━━━━━ DATA EXTRACTS ━━━━━

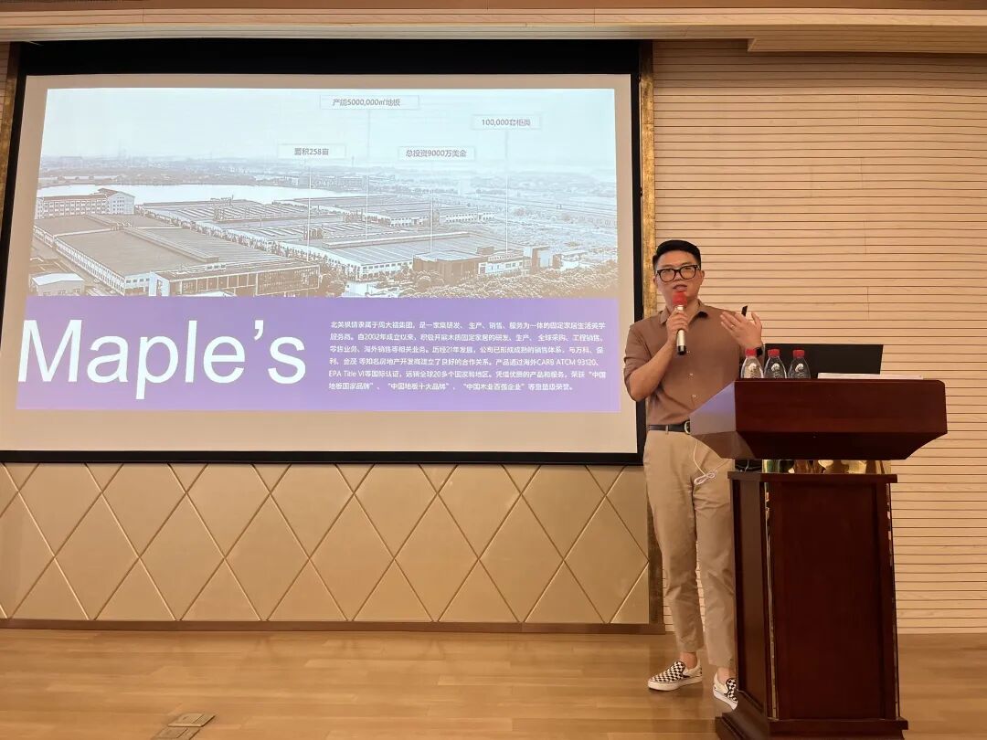 市场中心高级经理王欢用视频+ppt的讲解方式,为所有会员企业分享了北美枫情这二十余年的发展历程、产品以及荣誉等,让大家对北美枫情有个全面的了解。
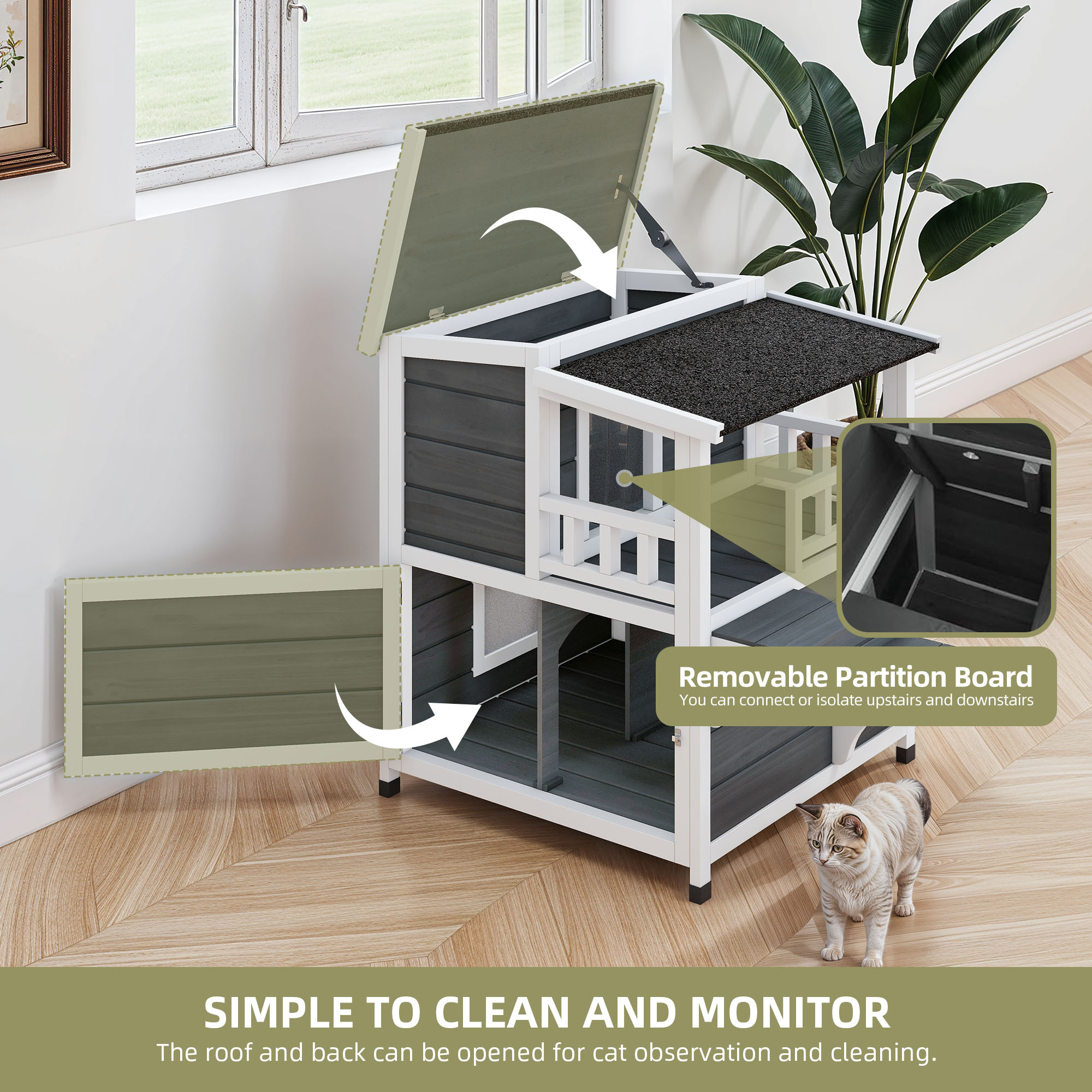 5. Effortless Maintenance: Equipped with large double-sided doors and a removable bottom panel, cleaning this cat house is straightforward and easy. Simply open the side doors to access the interior, keeping the environment tidy and hygienic for your pets.
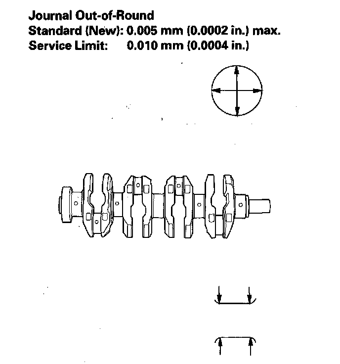 4. Measure the out-of-round at the middle of each rod and main journal in two places. The difference between measurements on each journal must not be more than the service limit.
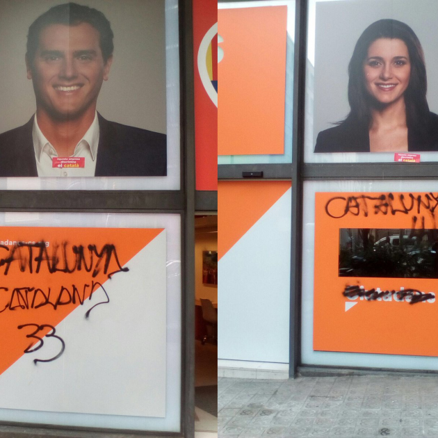 Cs i PSC han denunciat "atacs" amb pintades a seus dels dos partits, que haurien tingut lloc aquesta nit. En el cas del grup taronja el local afectat és la seu central de Barcelona, que ja ha rebut deu atacs en els últims sis mesos, segons ha denunciat el portaveu del grup, Carlos Carrizosa, des dels faristols del Parlament, aquest divendres al migdia. Les pintades diuen "Catalunya lliure" i "Catalunya catalana".
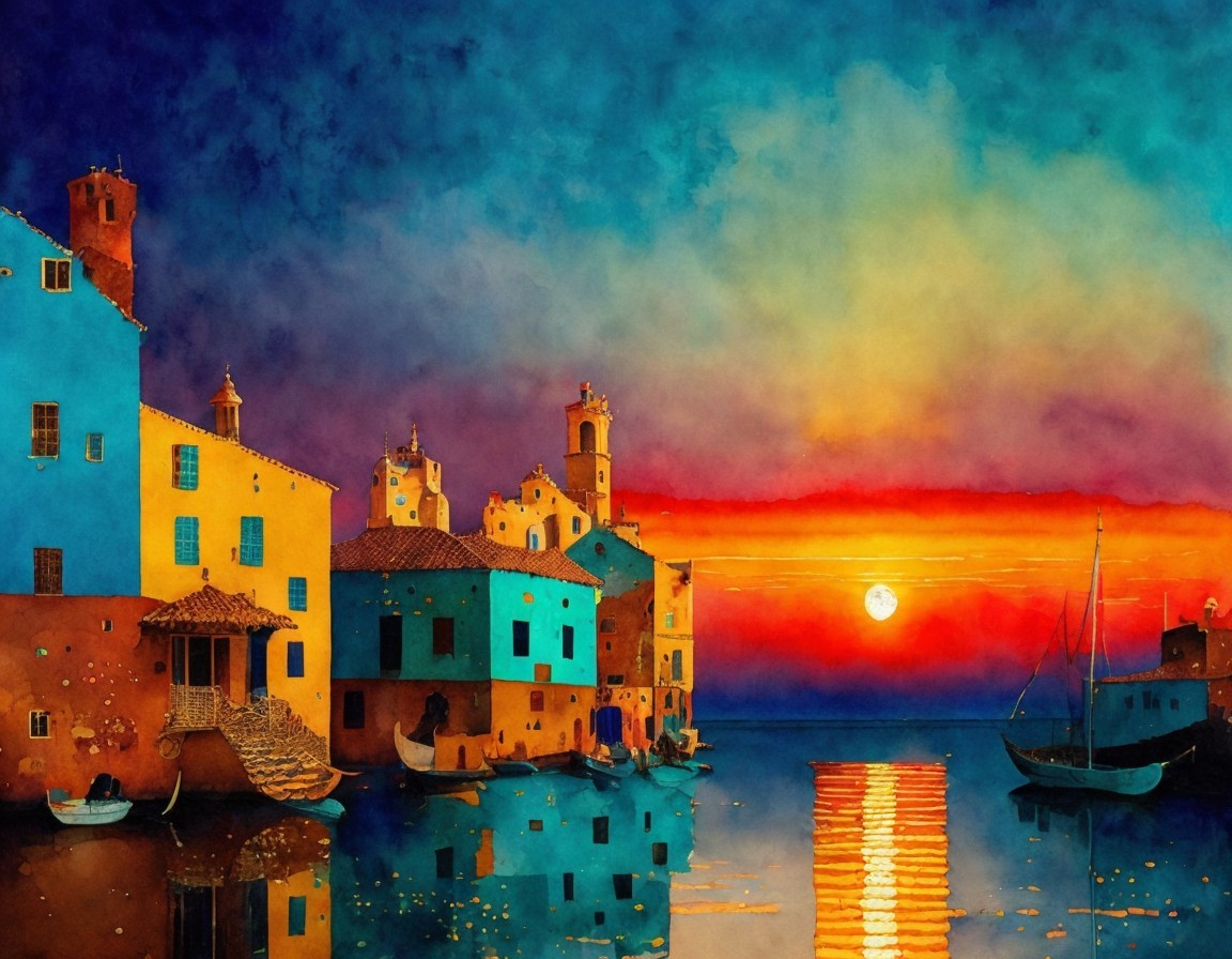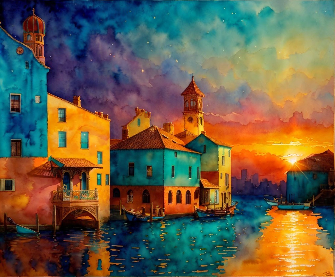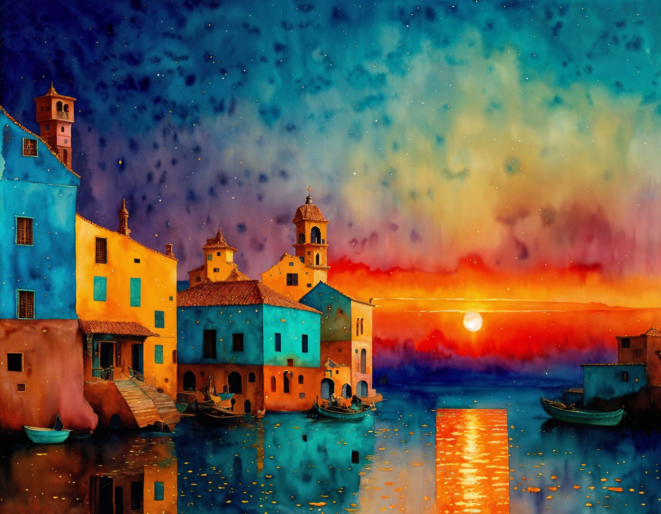 This vibrant watercolor scene depicts a picturesque waterfront village at sunset, with colorful buildings reflecting in the water, and dramatic clouds creating a stunning backdrop.
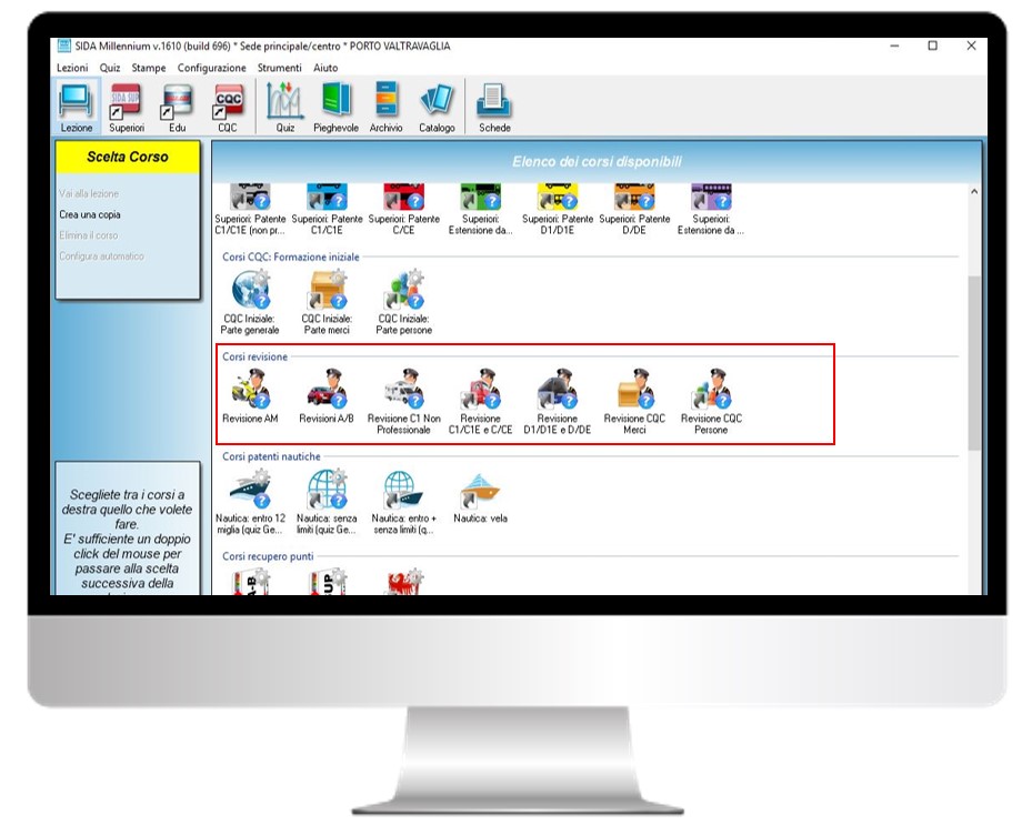 Certamente però quello delle revisioni è un servizio importante che l’Autoscuola deve offrire ai propri clienti, per questo SIDA AutoSoft Multimedia ha prontamente aggiornato i moduli AM, AB, SUPERIORI e CQC presenti nei prodotti SIDA Aula e SIDA Quiz con una sezione dedicata alla REVISIONE (Corsi revisioni). Come per il RECUPERO PUNTI, ogni patente e abilitazione interessata dal provvedimento ha il proprio corso revisione in cui sono contenuti i listati predisposti dal MIT.

━━━━━

Beginning at the line that contains "Cs i PSC han", transcribe it and every later line through the last line of the data above, exactly, and drop the pictures.

 Cs i PSC han denunciat "atacs" amb pintades a seus dels dos partits, que haurien tingut lloc aquesta nit. En el cas del grup taronja el local afectat és la seu central de Barcelona, que ja ha rebut deu atacs en els últims sis mesos, segons ha denunciat el portaveu del grup, Carlos Carrizosa, des dels faristols del Parlament, aquest divendres al migdia. Les pintades diuen "Catalunya lliure" i "Catalunya catalana".
 This vibrant watercolor scene depicts a picturesque waterfront village at sunset, with colorful buildings reflecting in the water, and dramatic clouds creating a stunning backdrop.
 Certamente però quello delle revisioni è un servizio importante che l’Autoscuola deve offrire ai propri clienti, per questo SIDA AutoSoft Multimedia ha prontamente aggiornato i moduli AM, AB, SUPERIORI e CQC presenti nei prodotti SIDA Aula e SIDA Quiz con una sezione dedicata alla REVISIONE (Corsi revisioni). Come per il RECUPERO PUNTI, ogni patente e abilitazione interessata dal provvedimento ha il proprio corso revisione in cui sono contenuti i listati predisposti dal MIT.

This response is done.